## MATERIAL FOR THE TASK
+ + + +

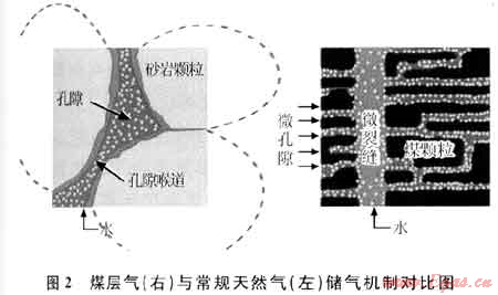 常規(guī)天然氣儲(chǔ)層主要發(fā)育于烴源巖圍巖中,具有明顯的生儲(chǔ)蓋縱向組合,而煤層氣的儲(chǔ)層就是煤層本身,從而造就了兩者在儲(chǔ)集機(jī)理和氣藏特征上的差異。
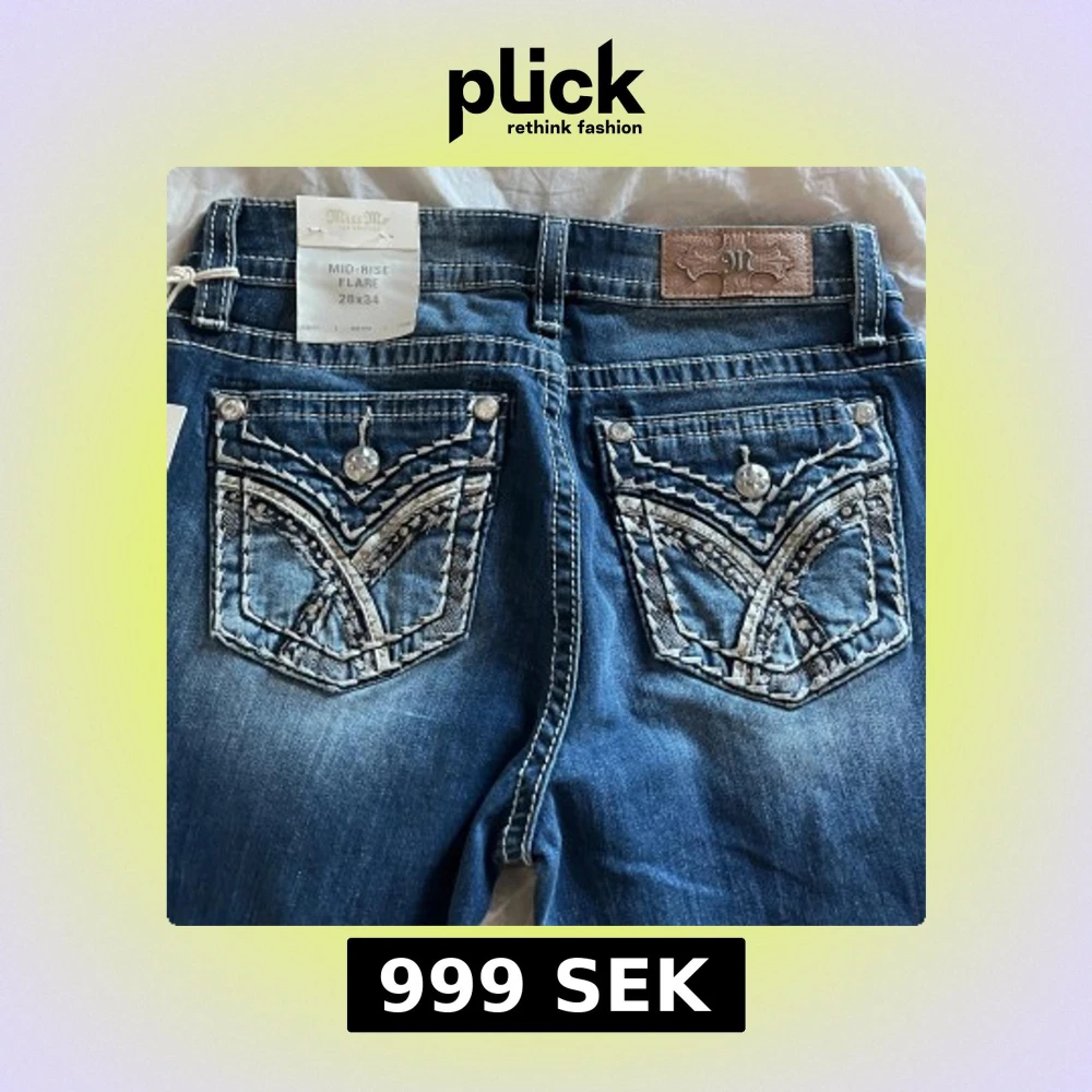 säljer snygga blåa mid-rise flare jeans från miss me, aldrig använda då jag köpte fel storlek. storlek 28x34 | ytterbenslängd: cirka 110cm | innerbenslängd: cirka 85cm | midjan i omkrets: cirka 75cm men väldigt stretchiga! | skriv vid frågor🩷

+ + + +

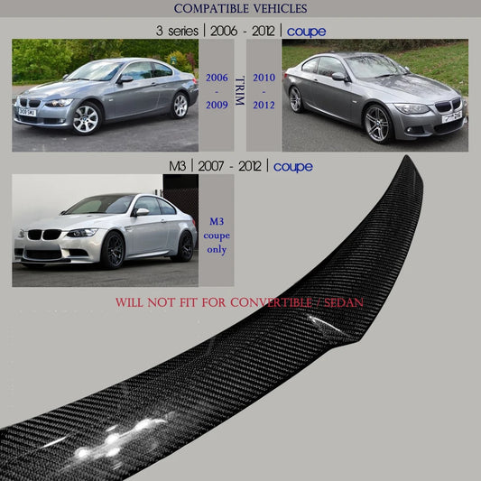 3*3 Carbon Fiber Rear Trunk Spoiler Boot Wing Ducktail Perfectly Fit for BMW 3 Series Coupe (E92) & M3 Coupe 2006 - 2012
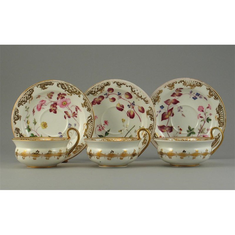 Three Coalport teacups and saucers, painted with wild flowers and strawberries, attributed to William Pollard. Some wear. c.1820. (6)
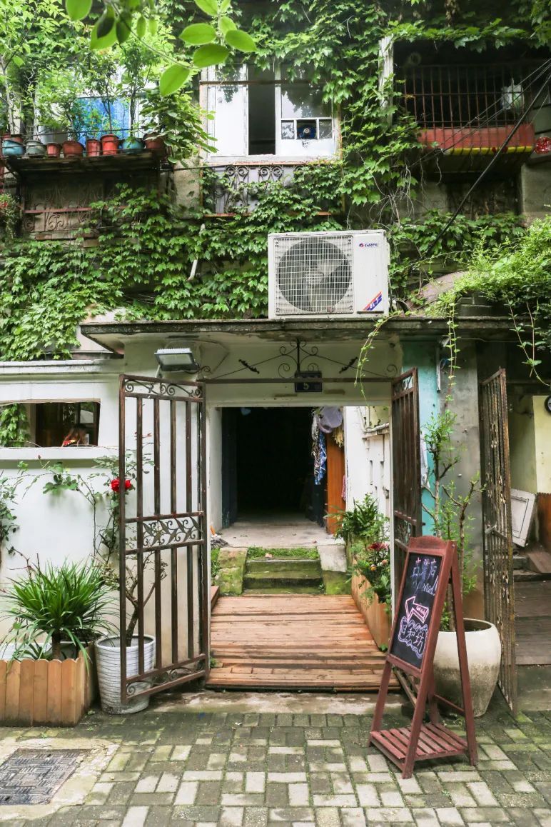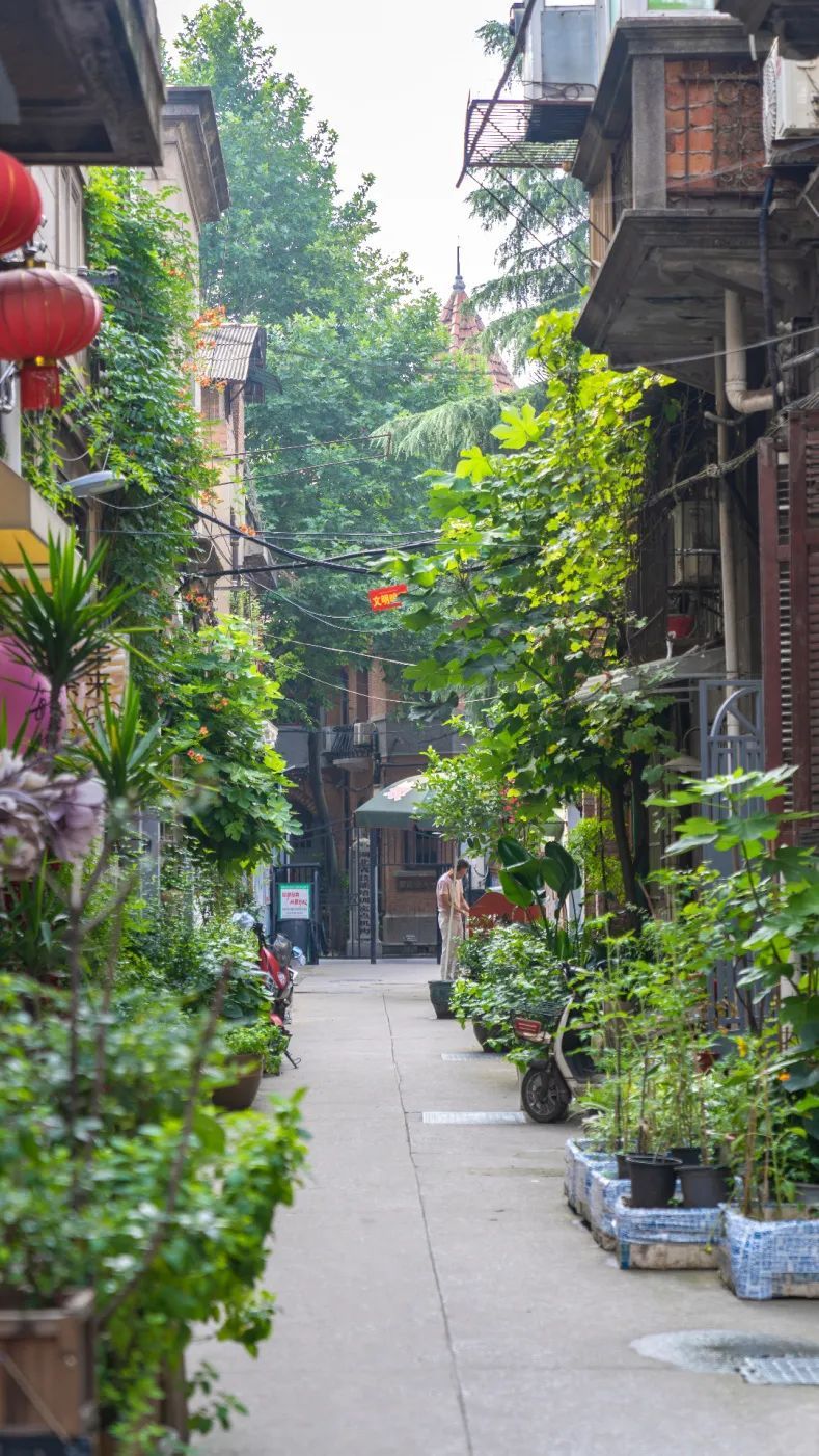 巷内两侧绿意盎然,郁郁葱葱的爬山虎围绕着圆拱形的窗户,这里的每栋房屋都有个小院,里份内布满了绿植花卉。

+ + + +

Excerpt from the records above: set down only the lines from the one that contains "常規(guī)天然氣儲(ch" through the one that contains "säljer snygga blåa", inclusive, word for word. Pictures stay out.

 常規(guī)天然氣儲(chǔ)層主要發(fā)育于烴源巖圍巖中,具有明顯的生儲(chǔ)蓋縱向組合,而煤層氣的儲(chǔ)層就是煤層本身,從而造就了兩者在儲(chǔ)集機(jī)理和氣藏特征上的差異。
 säljer snygga blåa mid-rise flare jeans från miss me, aldrig använda då jag köpte fel storlek. storlek 28x34 | ytterbenslängd: cirka 110cm | innerbenslängd: cirka 85cm | midjan i omkrets: cirka 75cm men väldigt stretchiga! | skriv vid frågor🩷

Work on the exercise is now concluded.